Holomorphic Functions

The power of complex analysis doesn’t come from complex-differentiability at a point (though that is certainly not a trivial property for a function). Its power comes from complex-differentiability in a neighborhood around that point.

Definition 1. Let $f : \mathbb C \to \mathbb C$ be differentiable at some point $z_0 \in \mathbb C$ .

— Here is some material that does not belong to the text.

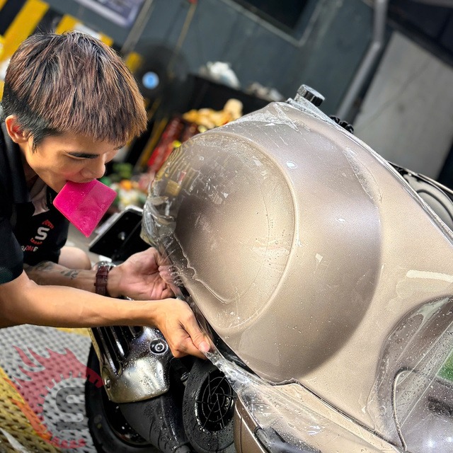 Thợ có kinh nghiệm hơn 5 năm trong dán PPF cho xe cao cấp như Vespa, SH, BMW, Harley… đảm bảo độ chính xác tuyệt đối – không bụi, không bong mép, không ố keo.
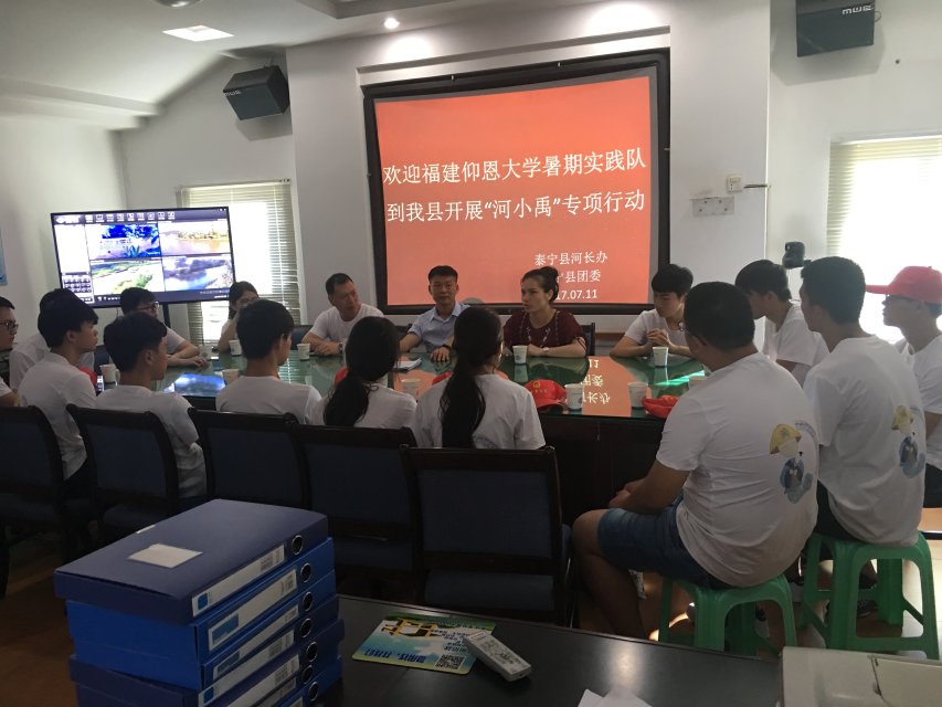 经过一下午的巡河宣传活动,yl6776永利集团赴泰宁“青春仰光”实践队(“河小禹”专项大学生志愿者实践队)的16位小伙伴们与带队老师yl6776永利集团党总支书记兼副院长曾凤生一起前往泰宁县河长制办公室向泰宁河长办肖副主任、泰宁团县委林友丽副书记汇报巡河护河情况,河长办肖副主任、团县委林友丽副书记热情接待了队员们。

$f$ is holomorphic at $z_0$ if there exists a neighborhood $U$ of $z_0$ such that $f$ is complex-differentiable on $U$ .
$f$ is holomorphic on an open set $U$ if it is holomorphic at every point $z_0 \in U$ .
$f$ is entire if it is holomorphic on $\mathbb C$ .

For simplicity, call a nonempty open subset $D \subseteq \mathbb C \cong \mathbb R^2$ a domain if and only if it is (path-)connected. Here, a path from $z_1$ to $z_2$ is the image $\gamma([0,1])$ of a continuous map $\gamma : [0, 1] \to \mathbb C$ such that $\gamma(0) = z_1$ and $\gamma(1) = z_1$ .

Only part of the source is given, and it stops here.